[Opening Exercise input section]

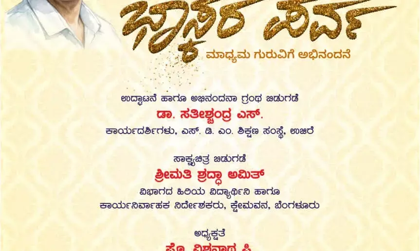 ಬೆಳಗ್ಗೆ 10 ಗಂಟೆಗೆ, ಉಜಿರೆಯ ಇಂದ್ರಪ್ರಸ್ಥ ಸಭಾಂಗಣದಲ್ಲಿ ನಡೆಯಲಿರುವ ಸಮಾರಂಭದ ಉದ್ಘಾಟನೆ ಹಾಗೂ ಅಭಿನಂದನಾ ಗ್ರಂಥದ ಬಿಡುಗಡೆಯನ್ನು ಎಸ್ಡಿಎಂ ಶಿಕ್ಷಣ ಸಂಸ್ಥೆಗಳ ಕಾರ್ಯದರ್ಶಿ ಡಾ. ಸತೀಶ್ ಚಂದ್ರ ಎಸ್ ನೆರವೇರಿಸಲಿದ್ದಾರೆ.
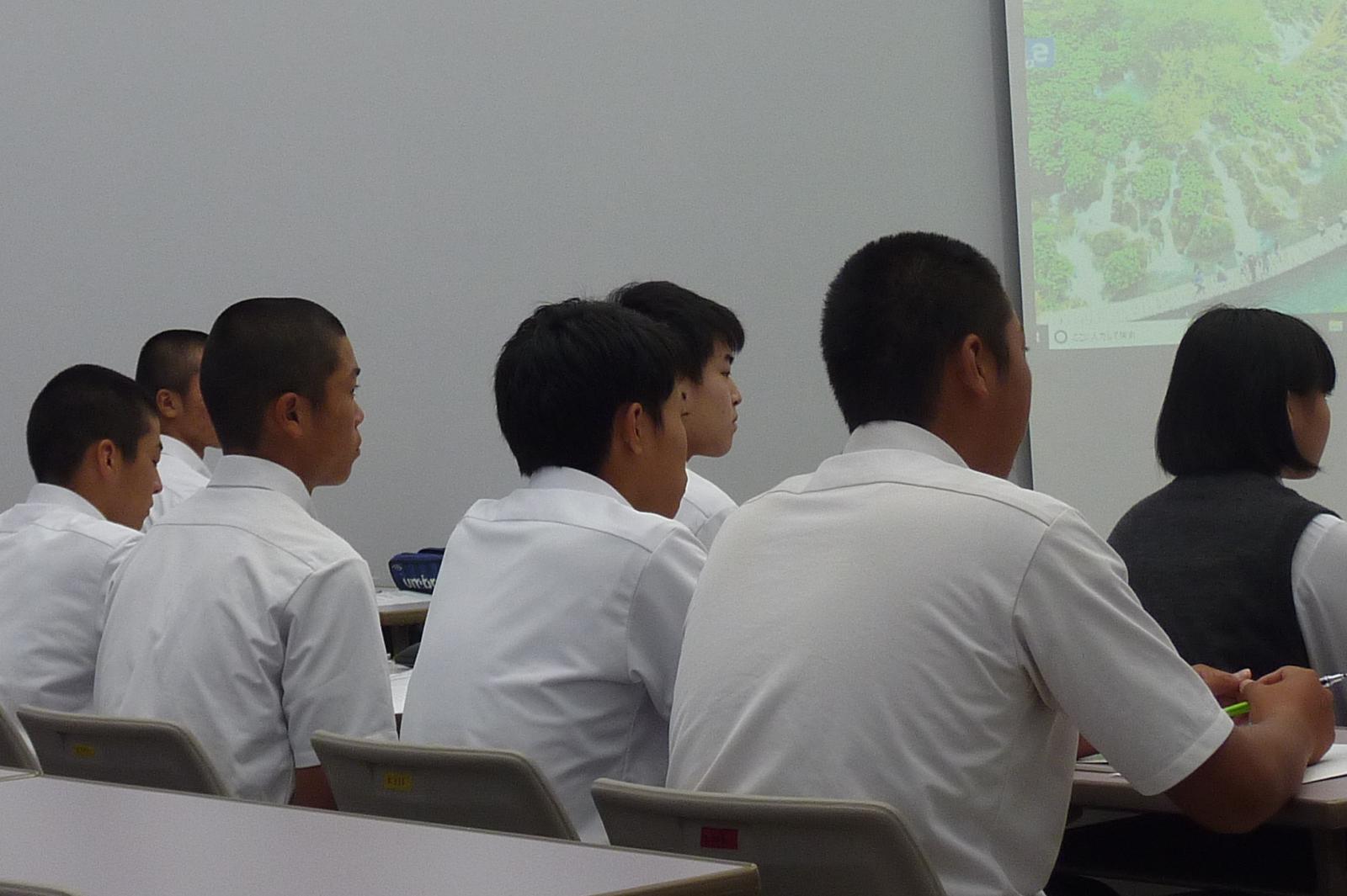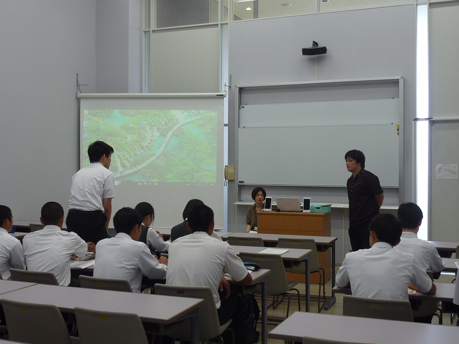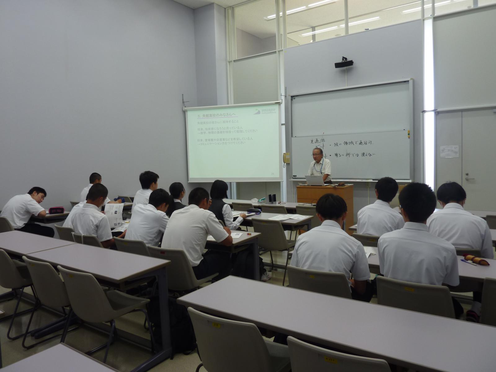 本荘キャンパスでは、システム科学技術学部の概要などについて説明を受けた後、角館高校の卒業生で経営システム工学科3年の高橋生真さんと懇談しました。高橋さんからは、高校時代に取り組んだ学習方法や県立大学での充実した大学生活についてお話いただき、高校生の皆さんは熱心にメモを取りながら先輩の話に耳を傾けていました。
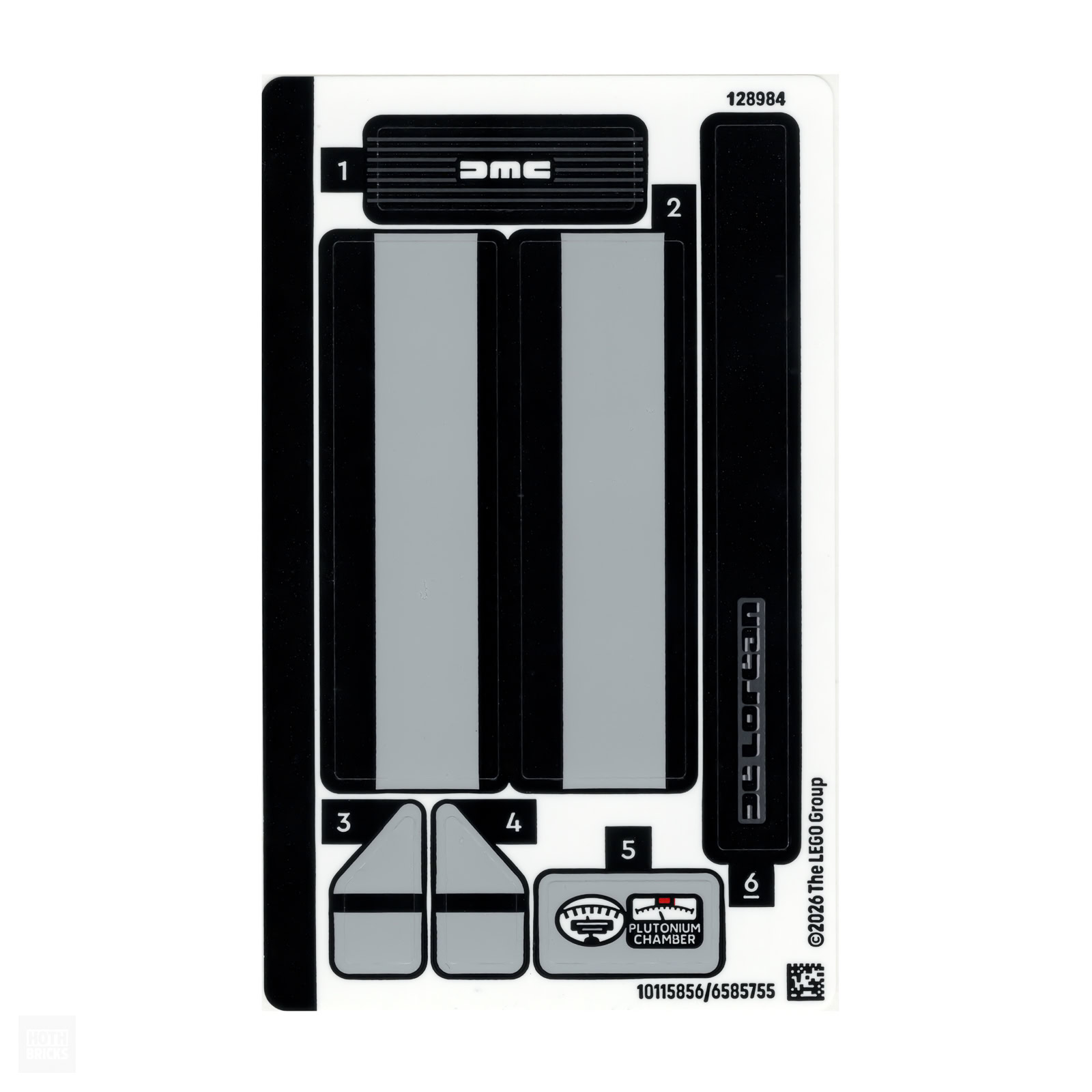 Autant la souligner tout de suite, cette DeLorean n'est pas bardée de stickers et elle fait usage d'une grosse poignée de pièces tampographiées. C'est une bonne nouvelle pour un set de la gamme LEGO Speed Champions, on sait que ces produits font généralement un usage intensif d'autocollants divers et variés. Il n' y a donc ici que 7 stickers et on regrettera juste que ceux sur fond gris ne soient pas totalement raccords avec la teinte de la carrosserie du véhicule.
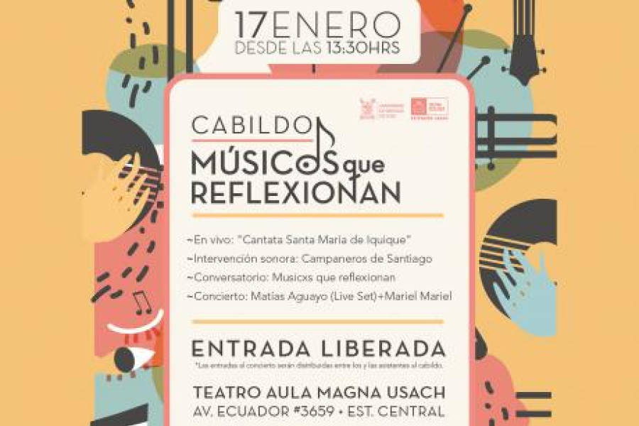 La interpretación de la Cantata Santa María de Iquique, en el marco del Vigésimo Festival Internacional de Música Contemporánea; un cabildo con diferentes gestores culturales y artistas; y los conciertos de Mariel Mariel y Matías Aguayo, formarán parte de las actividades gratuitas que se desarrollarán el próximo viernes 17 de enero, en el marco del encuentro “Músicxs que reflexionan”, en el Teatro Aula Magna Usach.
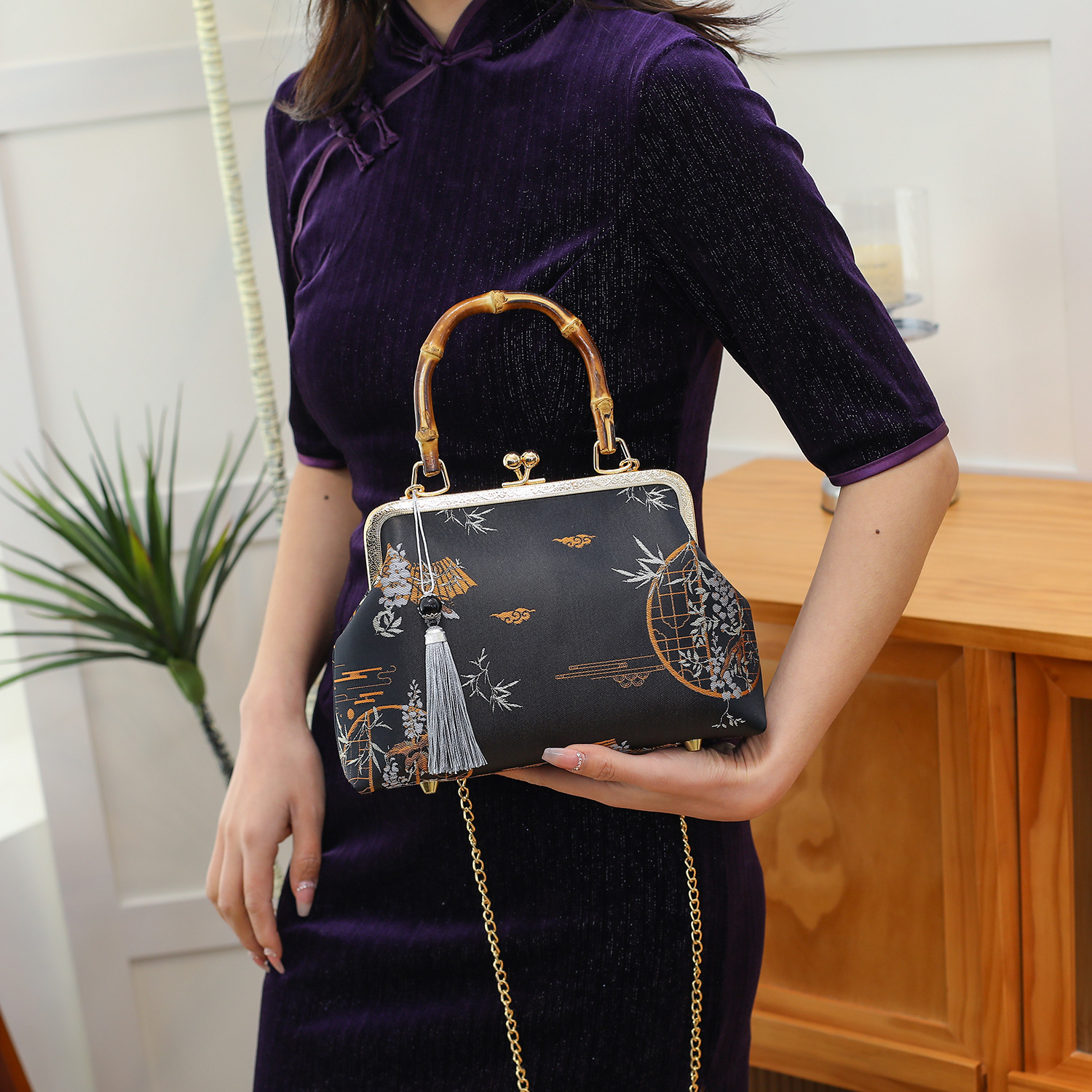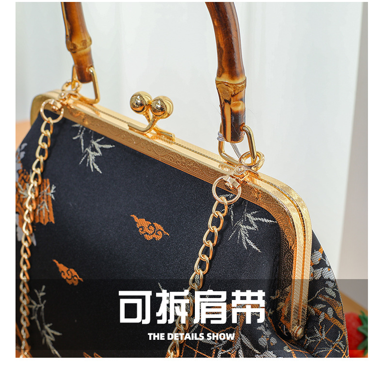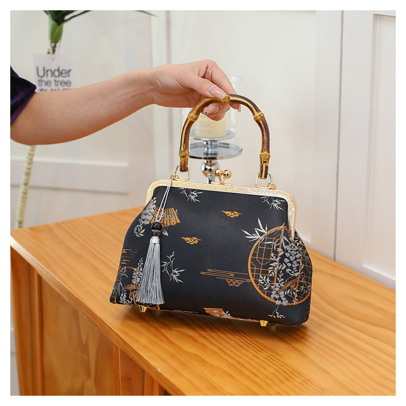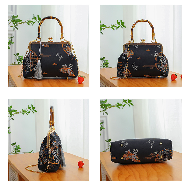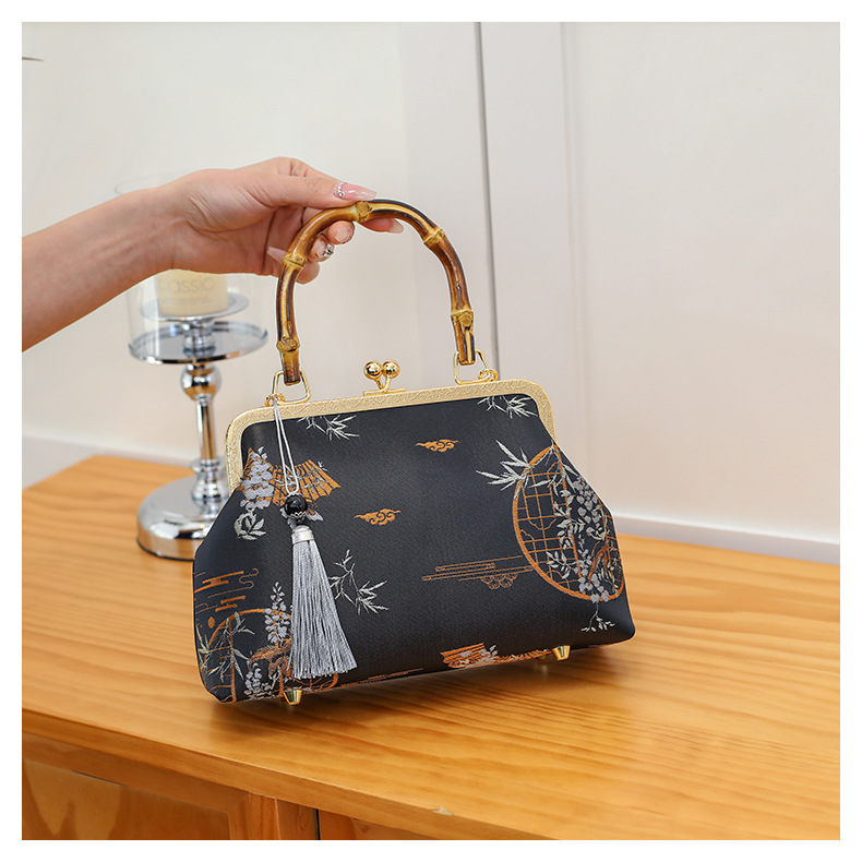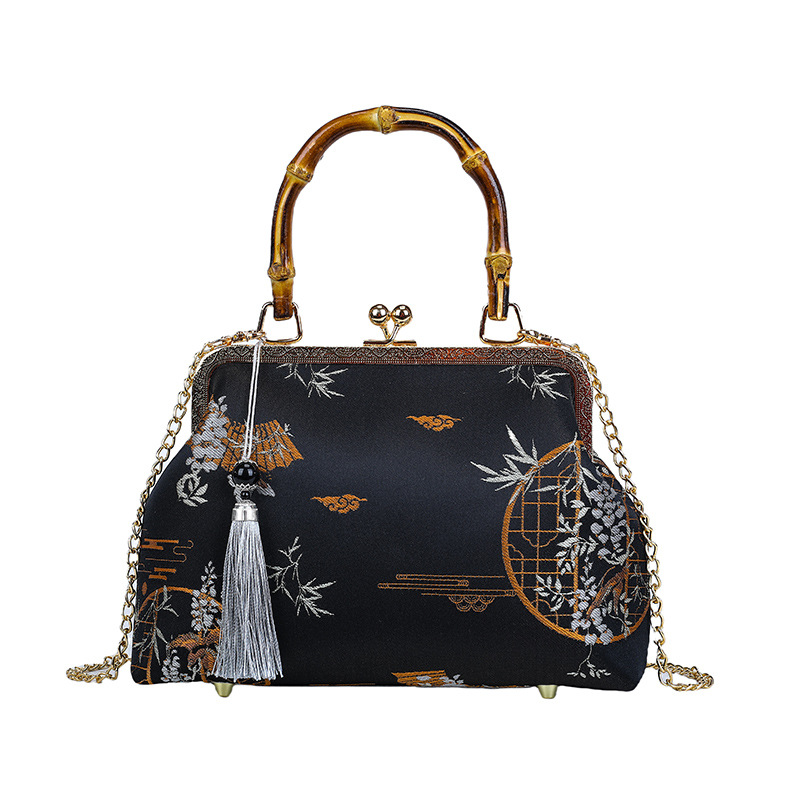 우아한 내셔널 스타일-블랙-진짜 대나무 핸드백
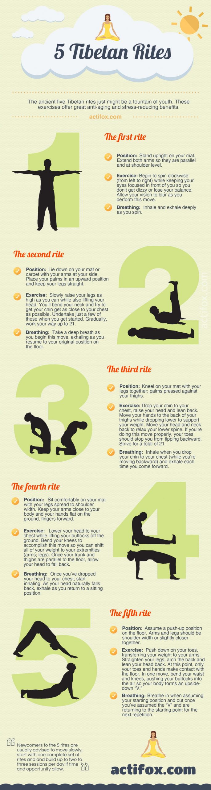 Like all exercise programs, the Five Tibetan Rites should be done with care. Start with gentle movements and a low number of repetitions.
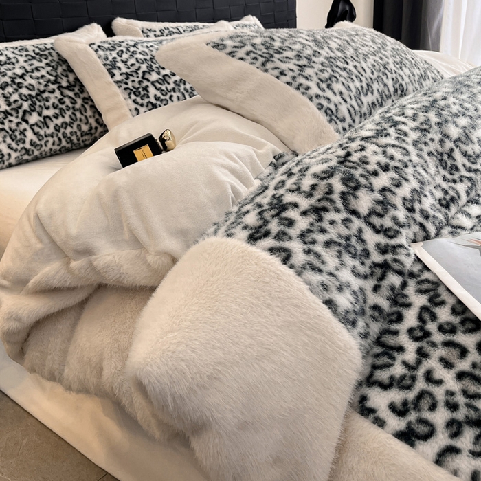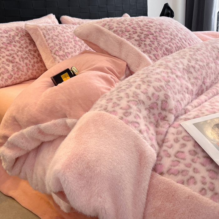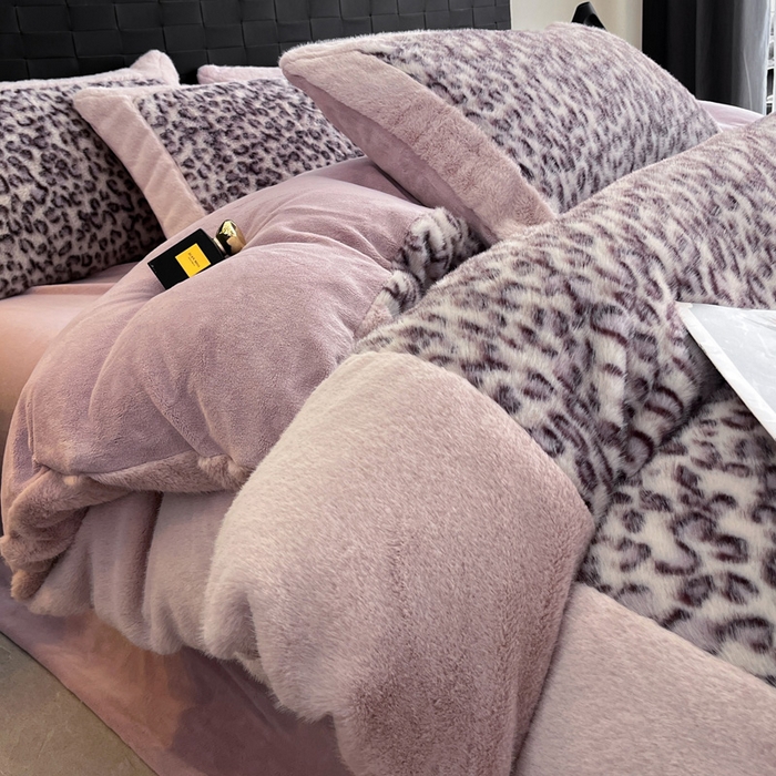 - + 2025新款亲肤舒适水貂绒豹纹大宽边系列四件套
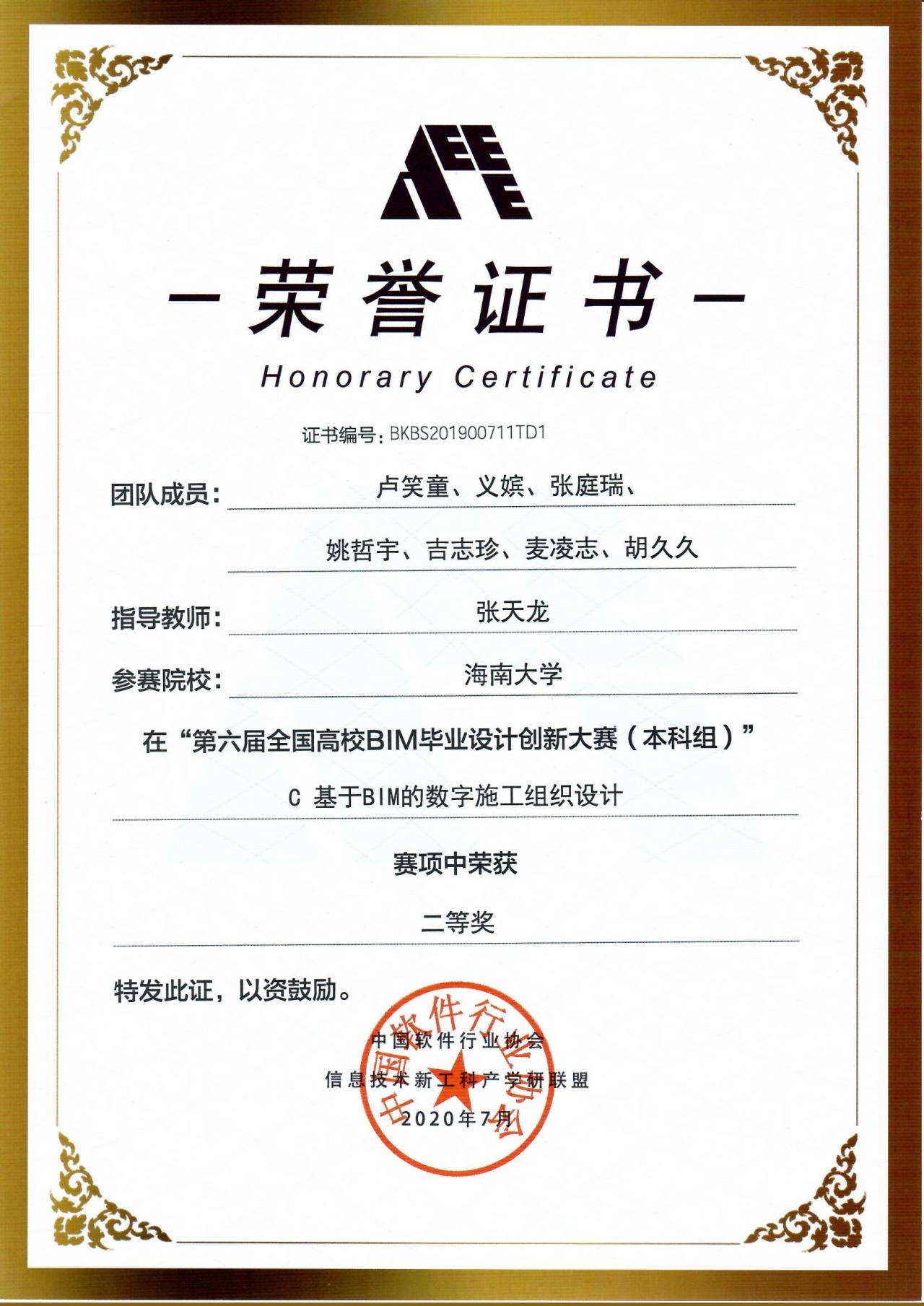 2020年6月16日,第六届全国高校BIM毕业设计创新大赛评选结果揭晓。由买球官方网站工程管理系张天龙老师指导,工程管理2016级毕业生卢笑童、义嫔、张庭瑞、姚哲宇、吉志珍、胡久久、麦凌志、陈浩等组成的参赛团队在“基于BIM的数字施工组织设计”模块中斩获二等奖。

[Closing Exercise input section]

_What the task requires_
Set down all entries above again, exactly, without images.

_Exercise answer_
 ಬೆಳಗ್ಗೆ 10 ಗಂಟೆಗೆ, ಉಜಿರೆಯ ಇಂದ್ರಪ್ರಸ್ಥ ಸಭಾಂಗಣದಲ್ಲಿ ನಡೆಯಲಿರುವ ಸಮಾರಂಭದ ಉದ್ಘಾಟನೆ ಹಾಗೂ ಅಭಿನಂದನಾ ಗ್ರಂಥದ ಬಿಡುಗಡೆಯನ್ನು ಎಸ್ಡಿಎಂ ಶಿಕ್ಷಣ ಸಂಸ್ಥೆಗಳ ಕಾರ್ಯದರ್ಶಿ ಡಾ. ಸತೀಶ್ ಚಂದ್ರ ಎಸ್ ನೆರವೇರಿಸಲಿದ್ದಾರೆ.
 本荘キャンパスでは、システム科学技術学部の概要などについて説明を受けた後、角館高校の卒業生で経営システム工学科3年の高橋生真さんと懇談しました。高橋さんからは、高校時代に取り組んだ学習方法や県立大学での充実した大学生活についてお話いただき、高校生の皆さんは熱心にメモを取りながら先輩の話に耳を傾けていました。
 Autant la souligner tout de suite, cette DeLorean n'est pas bardée de stickers et elle fait usage d'une grosse poignée de pièces tampographiées. C'est une bonne nouvelle pour un set de la gamme LEGO Speed Champions, on sait que ces produits font généralement un usage intensif d'autocollants divers et variés. Il n' y a donc ici que 7 stickers et on regrettera juste que ceux sur fond gris ne soient pas totalement raccords avec la teinte de la carrosserie du véhicule.
 La interpretación de la Cantata Santa María de Iquique, en el marco del Vigésimo Festival Internacional de Música Contemporánea; un cabildo con diferentes gestores culturales y artistas; y los conciertos de Mariel Mariel y Matías Aguayo, formarán parte de las actividades gratuitas que se desarrollarán el próximo viernes 17 de enero, en el marco del encuentro “Músicxs que reflexionan”, en el Teatro Aula Magna Usach.
 우아한 내셔널 스타일-블랙-진짜 대나무 핸드백
 Like all exercise programs, the Five Tibetan Rites should be done with care. Start with gentle movements and a low number of repetitions.
 - + 2025新款亲肤舒适水貂绒豹纹大宽边系列四件套
 2020年6月16日,第六届全国高校BIM毕业设计创新大赛评选结果揭晓。由买球官方网站工程管理系张天龙老师指导,工程管理2016级毕业生卢笑童、义嫔、张庭瑞、姚哲宇、吉志珍、胡久久、麦凌志、陈浩等组成的参赛团队在“基于BIM的数字施工组织设计”模块中斩获二等奖。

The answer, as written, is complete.